Hinton was born in 1947, which made him 63 years-old in 2010, the year he and his graduate students developed and published AlexNet, the deep neural network that blew the machine learning field wide open.

This was the product of a lifetime of working on neural networks. Hinton was one of the original leaders in the field in the 1980s, and developed the practice of back-propagation, which is still a critical element of deep neural networks.

But neural networks faded into relative obscurity until AlexNet revolutionized the field with a GPU implementation in 2010.

It’s nice for the rest of us to remember that our engineering life doesn’t end at 30.

Deep Learning Frameworks

I’ve finished NVIDIA’s introductory Deep Learning course, and I’m now starting Udacity’s.

These courses outline the construction and use of Deep Neural Networks (DNNs) for image processing and text recognition. They’re great!

Here are some of the highights:

DIGITS: This is NVIDIA’s Deep Learning visualization program. It presents a GUI for both building and reviewing DNNs.

Caffe: There are several frameworks for building DNNs, but Caffe seems the most straightforward. Although it is written in C++ and provides a Python interface, no coding is required to get started. This is because Caffe can be configured with Google Protobuf, a JSON-like text format.

Theano: NVIDIA’s course advises that the various Deep Learning frameworks are “more similar than they are different”, but Theano is at least syntactically different than Caffe. Theano is a Python symbolic math library, on top of which various packages offer DNN capability.

Torch: Torch is Facebook’s tool of choice for DNN research, and it gets support from Google, NVIDIA, and other major Deep Learning companies, as well. It uses the Lua programming language (yay, Brazil!).

TensorFlow: In the same way that Torch is Facebook’s go-to DNN tool, TensorFlow fills that role for Google. Like many Google projects, it is Python-based. I am just diving into TensorFlow now, via Udacity’s course, so I may have more to say later.

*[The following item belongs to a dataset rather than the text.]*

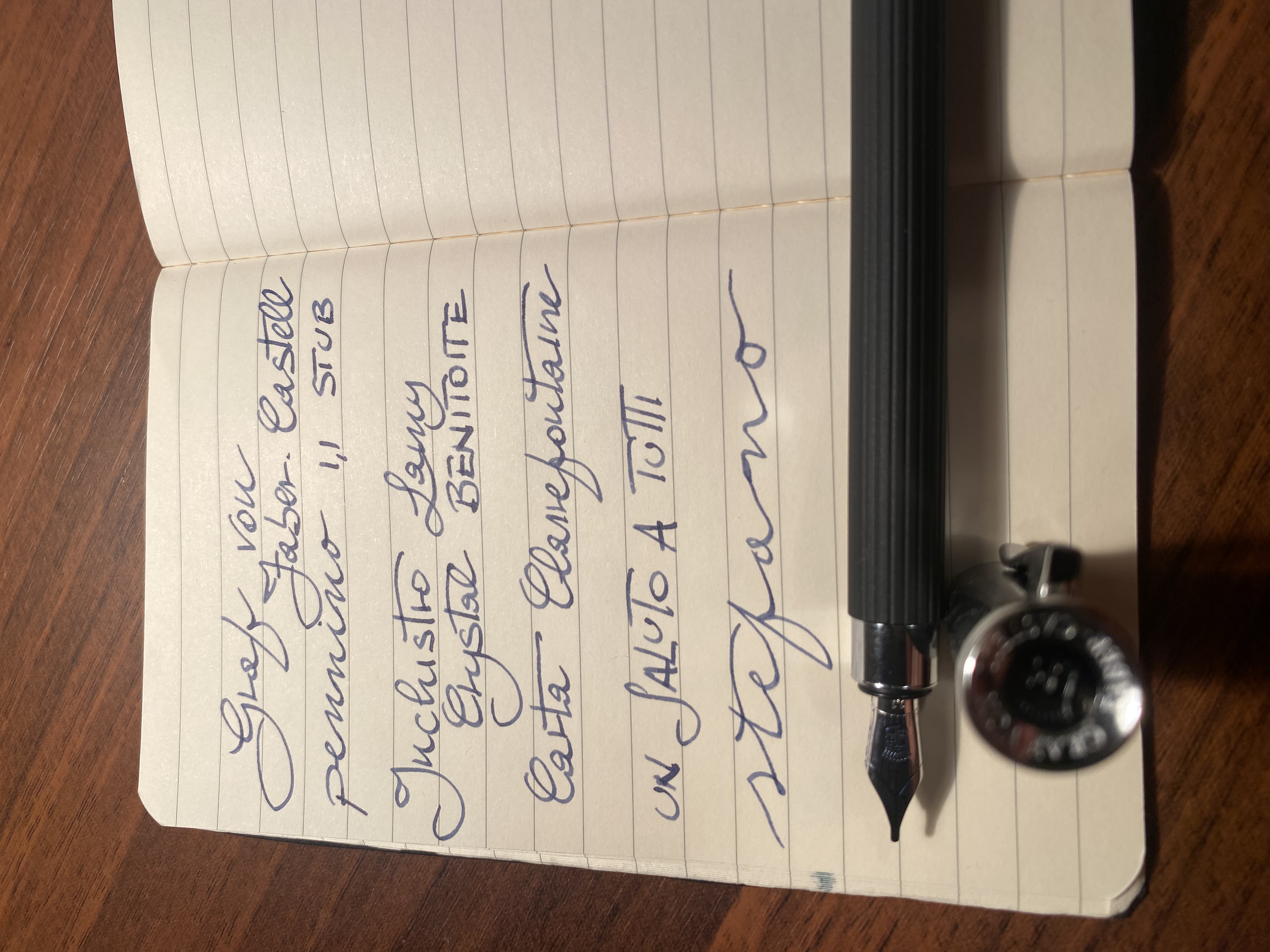d'accordo, però vederla scrivere, anche nella mano di un altro, una indicazione di massima comunque te la dà (soprattutto se usata da mano sapiente), per dire, un ultra fine e un bel cursive italic è vero che sappiamo più o meno cosa aspettarci, ma vedere il tratto sulla carta, anche di un'altra mano, è un'altra cosa. Sul "come" scrive credo che ci fidiamo di più della descrizione (e della buona fede) di chi la fa.![]()

cuDNN: This is NVIDIA’s library for parallelizing DNN training on the GPU. It is the key to building large neural networks, and all of the DNN frameworks integrate with it. As Google’s Vincent Vanhoucke relates, neural networks went through a period of popularity in the eighties and nineties, and then slumped in the 2000s, as CPUs weren’t able to provide enough power to train large networks. The publication of AlexNet (2012), showed that the use of GPU parallelization could provide massive training acceleration. This revolutionized the field.

Convolutional Neural Networks (CNNs): Convolutional Neural Networks are a building block of DNNs that involve learning on small parts of an image and then tiling the neighboring small parts to learn over the entire image. This blocking and tiling reduces the learning complexity, which is especially important for large images.